The required output is the line containing "Figure 2. Sawah" through the final line of the material below, printed exactly, with no other lines.

### Source material
=== Section Start ===

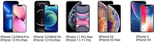
iPhone 13/Mini/Pro iPhone 13 Pro Max iPhone 12/Mini/Pro iPhone 12 Pro Max iPhone 11 Pro Max iPhone 11/11 Pro iPhone XS iPhone XS Max iPhone X iPhone XR

This product is suitable for 98% of the models in the market, and the mobile phone needs to be iPhone8 or above the system iOS 10.0 or above
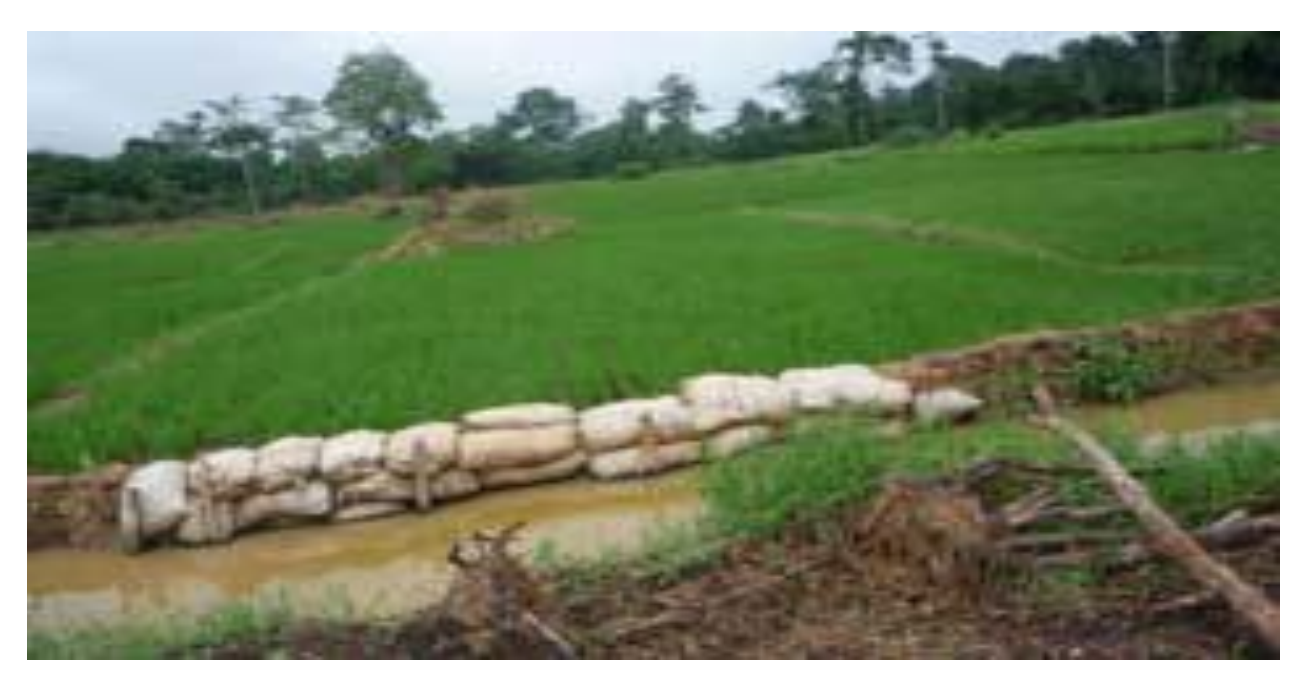
Figure 2. Sawah rice production system in the inland valleys in Nigeria and Ghana.

land. Customary land tenure systems, under which often farmers do not hold title to the land they cultivate, have been charged with failing to provide farmers with adequate incentives to adopt new technologies that could enhance production.

=== Section End ===

### Written response
Figure 2. Sawah rice production system in the inland valleys in Nigeria and Ghana.

land. Customary land tenure systems, under which often farmers do not hold title to the land they cultivate, have been charged with failing to provide farmers with adequate incentives to adopt new technologies that could enhance production.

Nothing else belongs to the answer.